Après la présentation du défilé s’ouvre une période difficile : je ressens un vide énorme et le doute ressurgit.
La mode, c’est ça, c’est l’humanité. C’est une paire de ciseaux et des mains qui font des prouesses.
J’aimerais ne présenter que des défilés de femmes, pas des défilés d’habits.

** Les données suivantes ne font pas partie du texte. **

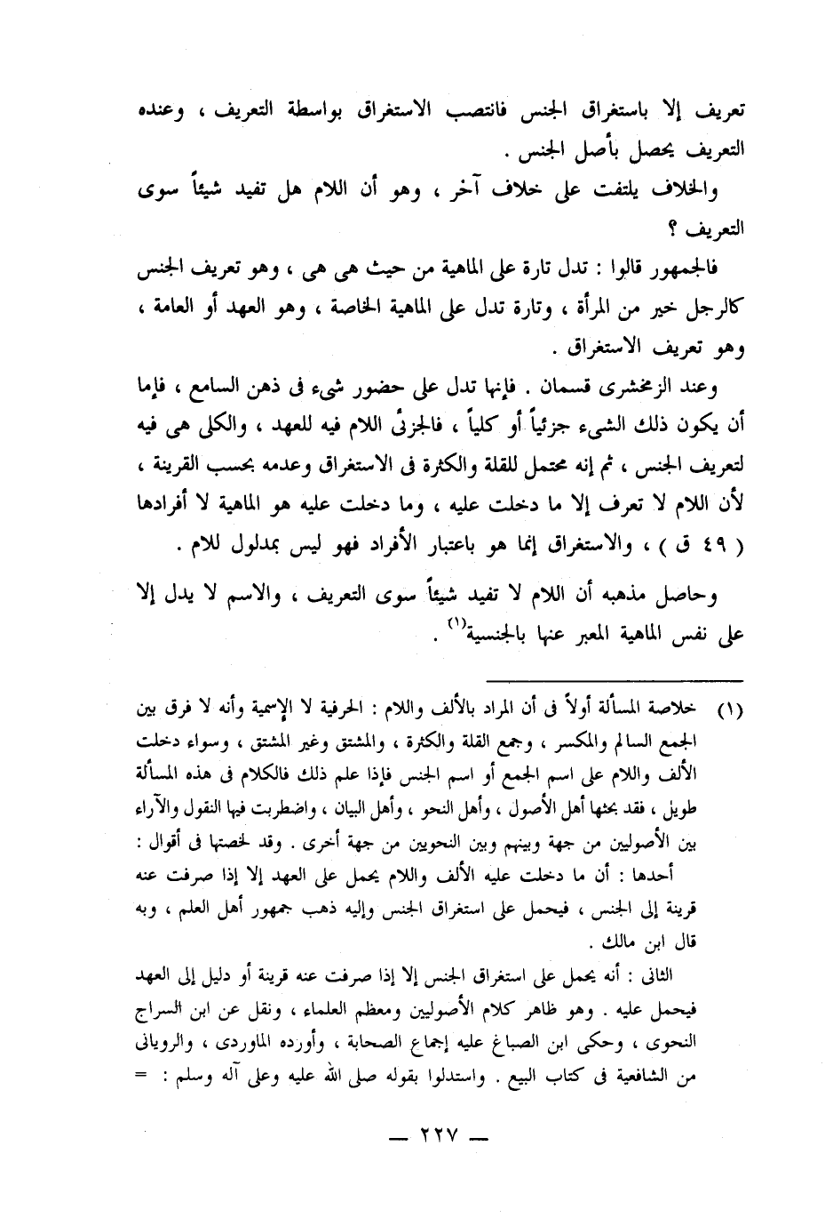 (١) خلاصة المسألة أولًا فى أن المراد بالألف واللام: الحرفية لا الإسمية وأنه لا فرق بين الجمع السالم والمكسر، وجمع القلة والكثرة، والمشتق وغير المشتق، وسواء دخلت الألف واللام على اسم الجمع أو اسم الجنس فإذا علم ذلك فالكلام فى هذه المسألة طويل، فقد بحثها أهل الأصول، وأهل النحو، وأهل البيان، واضطربت فيها النقول والآراء بين الأصوليين من جهة وبينهم وبين النحويين من جهة أخرى. وقد لخصتها فى أقوال:
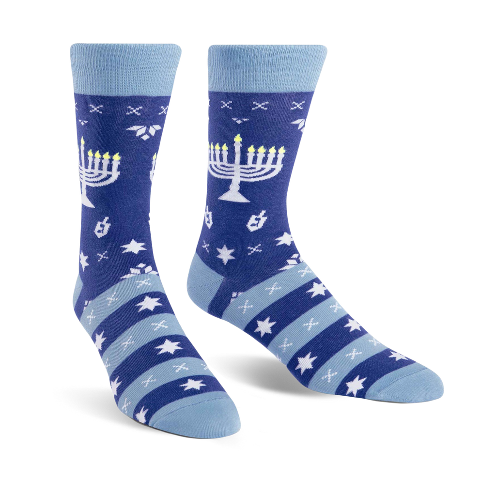 When the world gives you Hanukkah, make some latkes with these mazel toes! We've tossed tradition out the window, and these socks simultaneously celebrate the holidays and remind you to let the menorah-go! With a bold blue background and festive patterns of menorahs and snowflakes, these crew socks are ready to be the star of your holiday get-together or your regular Tuesday - because who says we can't celebrate Hanukkah all year long?
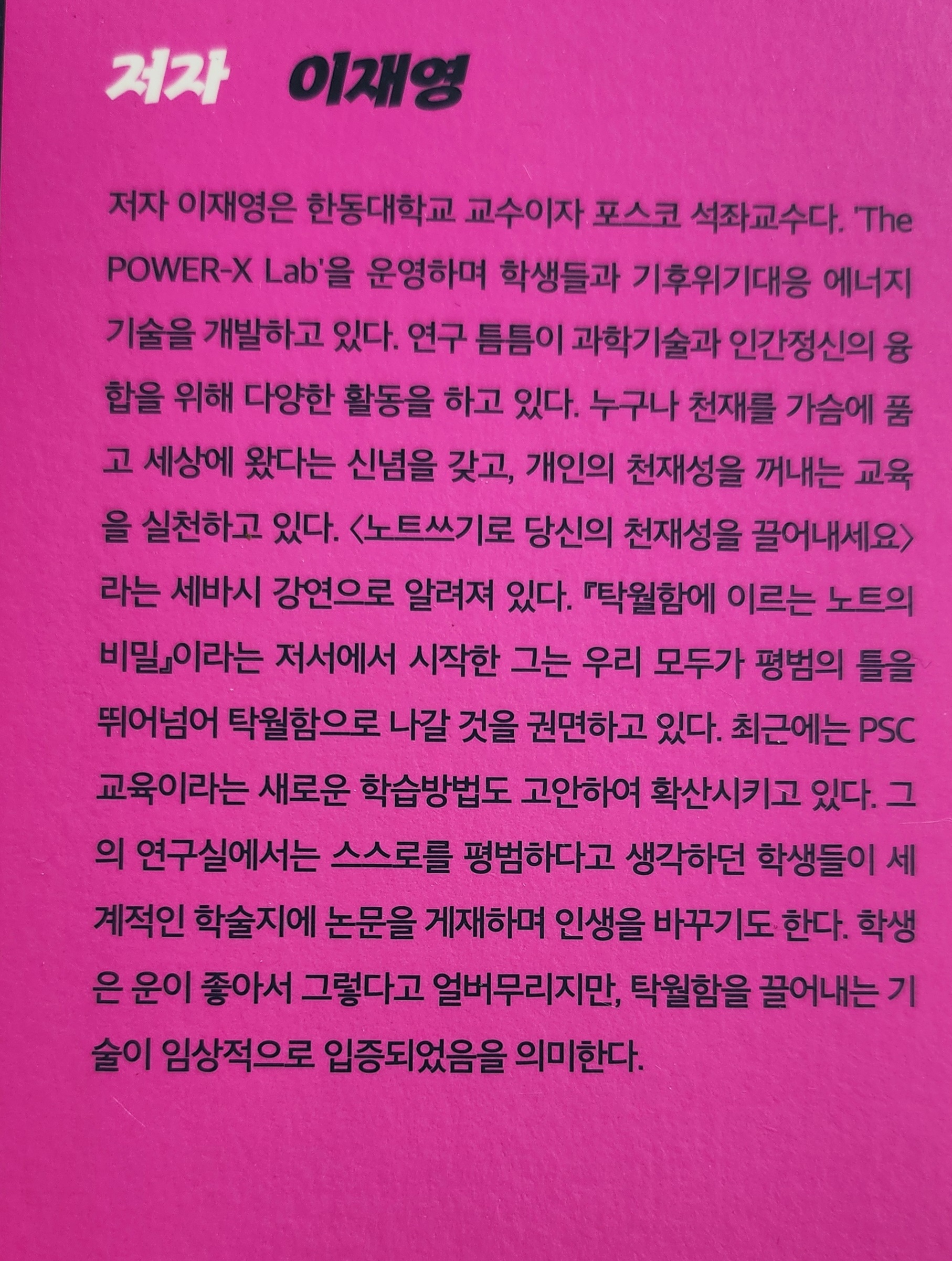 저자는 누구나 천재를 가슴에 품고 세상에 왔다는 신념을 갖고, 개인의 천재성을 꺼내는 교육을 실천하고 있다. 그 맥락에 이 책이 있다. 누구나 가지고 있는 것을 어떻게 찾아서 키울 것인지에 대한 이야기를 하고 있다.
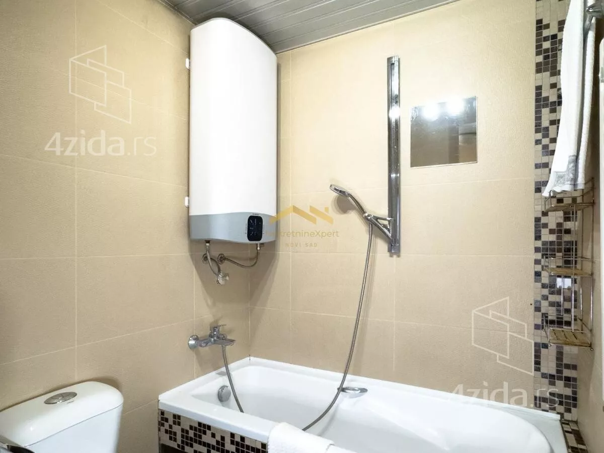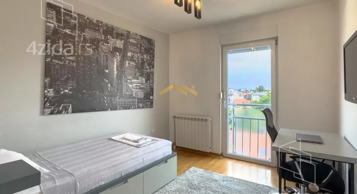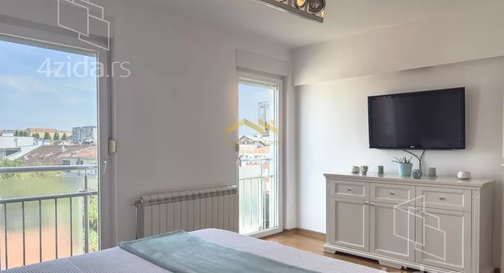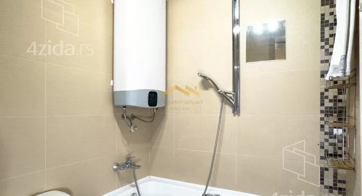 - Opremljenost: Namešteno - internet, interfon, TV, klima, veš mašina, sudo mašina, frižider, rerna, ležaj, plakar, kanalizacija
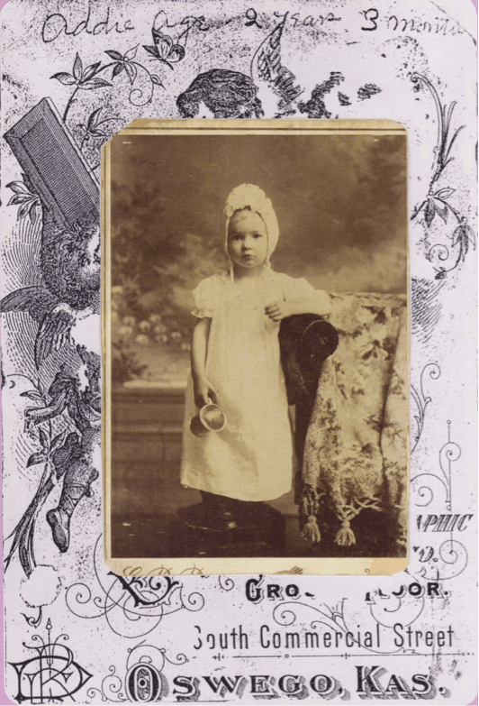 My Grandmother at age 2 years 3 months. The “frame” around the picture is the back of the photo, blown up. I thought it needed to be seen – to show how photographs were done in the early 1900’s.
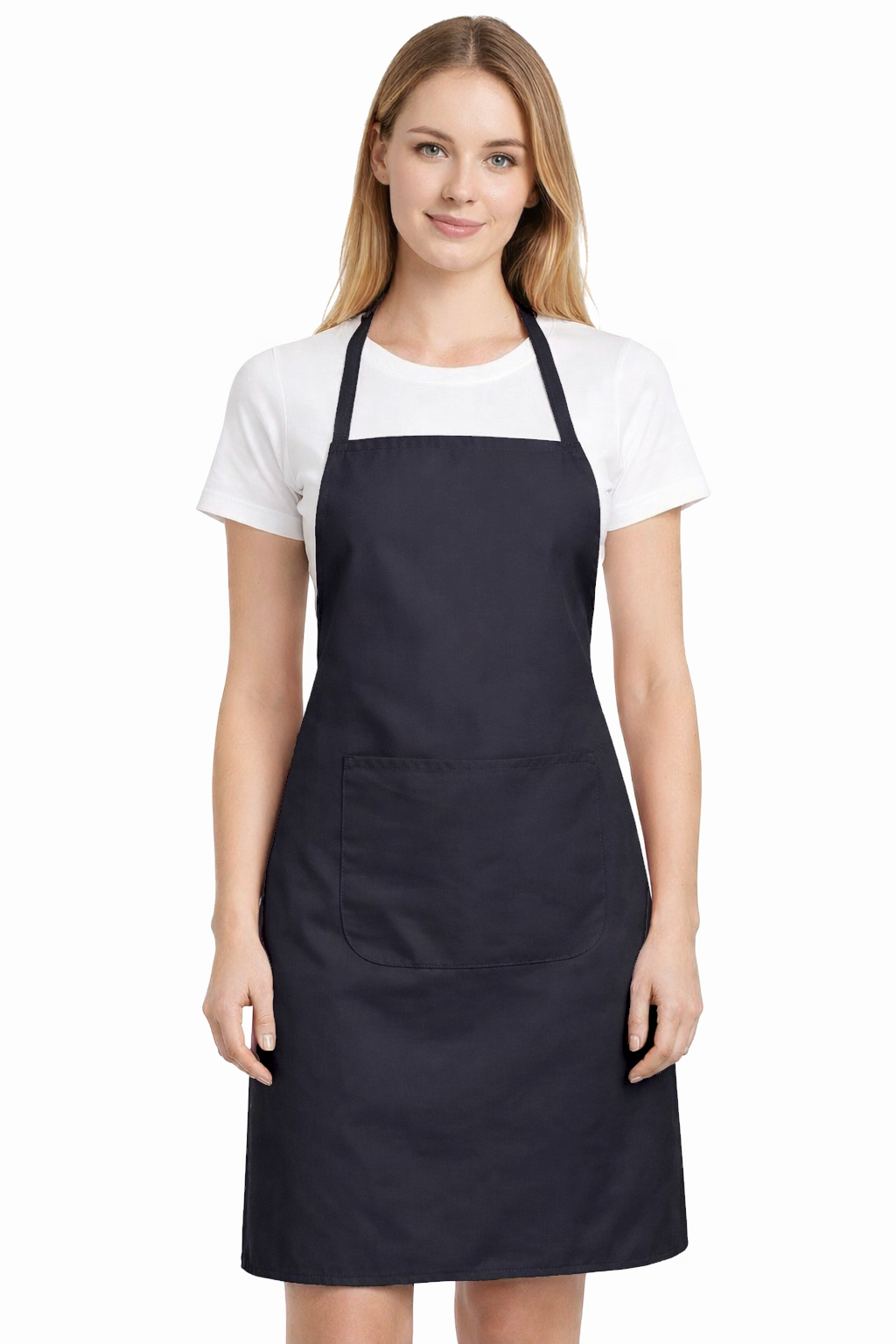 Lagana kuharska pregača s vratnim dijelom i praktičnim džepom, idealna za svakodnevni rad u kuhinji ili ugostiteljstvu. Sašivena je od tanke, glatke poliesterske tkanine – izdržljiva je, udobna i lagana za korištenje. Prilagodba u struku pomoću traka i tanak remen oko vrata omogućuje brzo prilagođavanje. Veliki džep na prednjoj strani pomaže držati bilježnicu, telefon, krpu ili pribor pri ruci. Izvrstan je i za personalizaciju (tisak/vezenje).
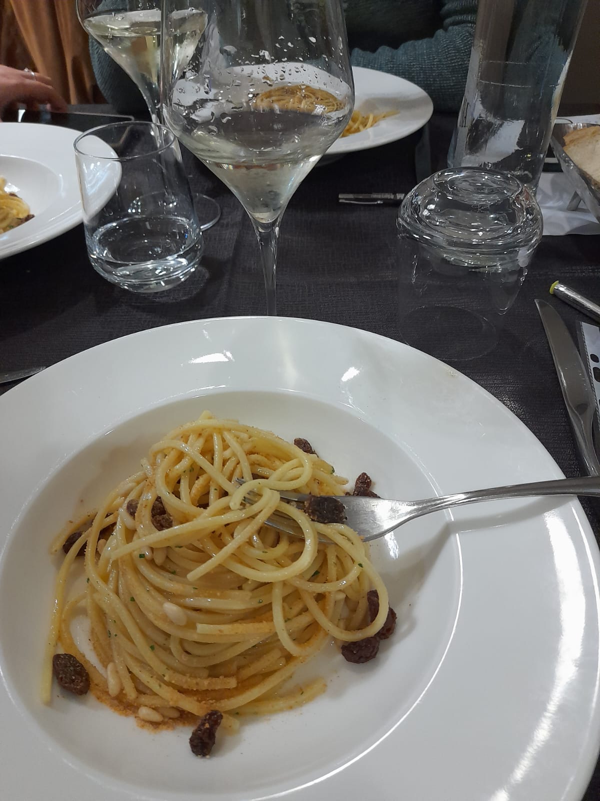 Arriva il primo piatto, gli spaghetti alla colatura di alici versione “Gualtiero Marchesi ” ben gradito da tutti i partecipanti a cui abbiniamo un vino bianco fermo di soli 12,5 gradi alcolici ma ricco di personalità in quanto frutto di un’uva a bacca rossa vinificata in bianco ovvero il “solito” aglianico (il nome deriva dall’antica polis Ellea ) prodotto da un’azienda nata nel 1878; Mastroberardino! il “NERO A META'” della storica casa vinicola con sede ad Atripalda (AV) è un vino fortemente voluto da Piero Mastroberardino (il figlio del grande don Antonio Mastroberardino colui che favorì lo sviluppo dell’enologia in campania già negli anni ’50) per dimostrare la valenza del vitigno.
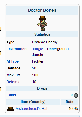 博士僵尸 地点:丛林 地下丛林 攻击20 防御10 血500 掉落10银币 考古学家的帽子
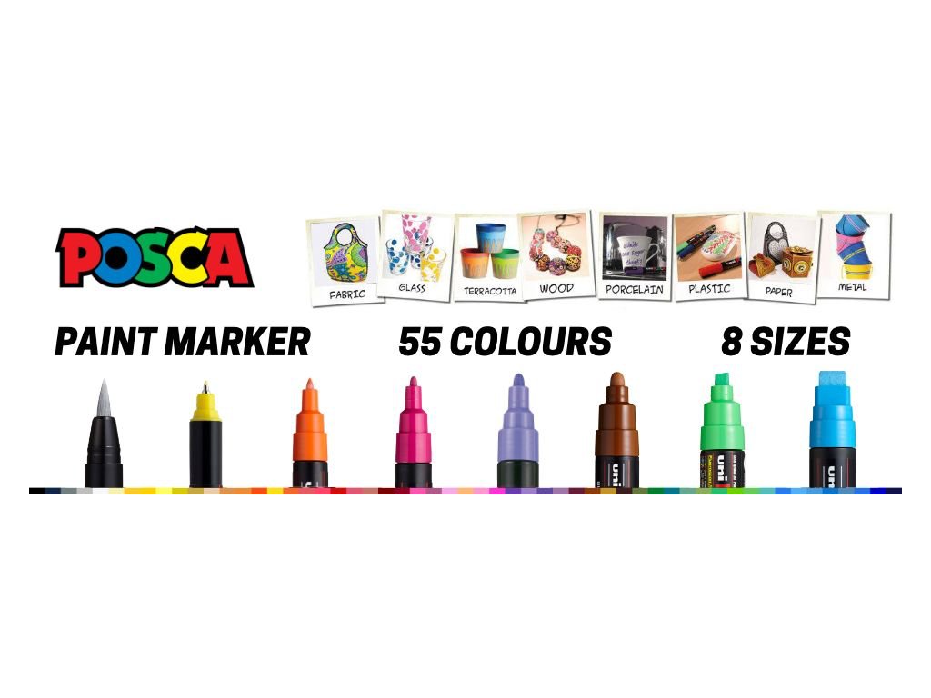 Uni Posca je popisovač s vysoce krycím pigmentovým inkoustem na vodní bázi. Je vhodný na popisování nejrůznějších materiálů (keramika, sklo, kov, kámen, papír, plast, textil, dřevo). Je ideálním fixem pro malování na kamínky. Po zaschnutí je vodě odolný. Popisovač je k dispozici v mnoha živých, neprůhledných, dobře krycích barvách. Vynikající pro ilustraci, plakáty, psaní nápisů nebo jiné umělecké nebo hobby použití nebo značení. Posca se absorbuje po vláken papíru, kartonu či textilu. Oblíbené je také použití popisovače na malování na kameny. Stopa může být trvalá na terakotě (po fixaci teplem na 220°C 45 min), porcelán a sklo (po fixaci teplem na 160°C 45 min a následným přelakováním čirým lakem), textil (po zažehlení z rubové strany), kov, plast, dřevo (po přelakování čirým lakem), malované kameny přelakujte lesklým lakem ve spreji. Více informací najdete v našem článku o malování na kamínky v sekci Magazín.

Croquis autoportrait d’Alber Elbaz.
L comme Lanvin
Alber Elbaz, dès son arrivée en 2001, ranime la maison Lanvin. Après Guy Laroche (1996-1998) et Saint Laurent Rive Gauche (1998-2000), il est recruté par la femme d’affaires taïwanaise Shaw-Lan Wang, devenue propriétaire de l’emblématique maison fondée par Jeanne Lanvin, en 1889. Il y restera quatorze ans, et marquera durablement la griffe de son empreinte. Ses petites robes cocktail, ses choix de tissus d’une grande subtilité, sa maîtrise de la coupe, du noir et des couleurs vibrantes, ses nœuds délicats, ses silhouettes rehaussées de bijoux, ses légendaires drapés, ses ourlets inachevés…, autant de signes particuliers du grand couturier qui marqueront le cœur et les esprits, et qui laisseront inconsolables les fans de ce style ultraféminin quand Elbaz est brutalement évincé de la maison, en 2015. Un choc.
H comme Humour
Dans le minifilm mettant en scène son nouveau label AZ Factory, on retrouvait l’humour charmeur du créateur. Celui qui a rhabillé Minnie Mouse pour Disneyland Paris, en 2013, a toujours apprécié la pop culture, injectant dans ses créations la juste dose d’irrévérence et d’exubérance, de celle qui n’enlève rien à l’élégance. On garde en mémoire cette collection Lanvin automne-hiver 2013-2014, où il avait saupoudré ses robes de maxicolliers hip-hop à messages «Happy», «Help», «Love» ou «Cool». On se souvient aussi de cette campagne publicitaire de l’automne-hiver 2011-2012, où il se déhanchait sur le tube I Know You Want Me, du rappeur américain Pitbull. Autant de déclarations ‘’humour et d’amour à la mode.
T comme Technologie
Avec son label AZ Factory, nommé d’après la première lettre de son prénom et la dernière de son nom, il élabore une collection qui fait la part belle à l’innovation. Ses nouvelles petites robes noires «anatomiques», ses tops et ses leggings sont fabriqués à partir d’une technologie inédite de tricot, qui donne une allure athlétique et glamour. Il propose aussi des jupes en satin ou des costumes à enfiler rapidement sur des pièces plus loungewear, permettant ainsi de passer du casual au fabuleux en un tour de main. Avec ce label, cet alchimiste de l’allure avait surtout à cœur d’offrir à ses clientes des tailles XXL et des prix accessibles, deux propositions révélatrices de l’ouverture d’esprit de ce bon génie.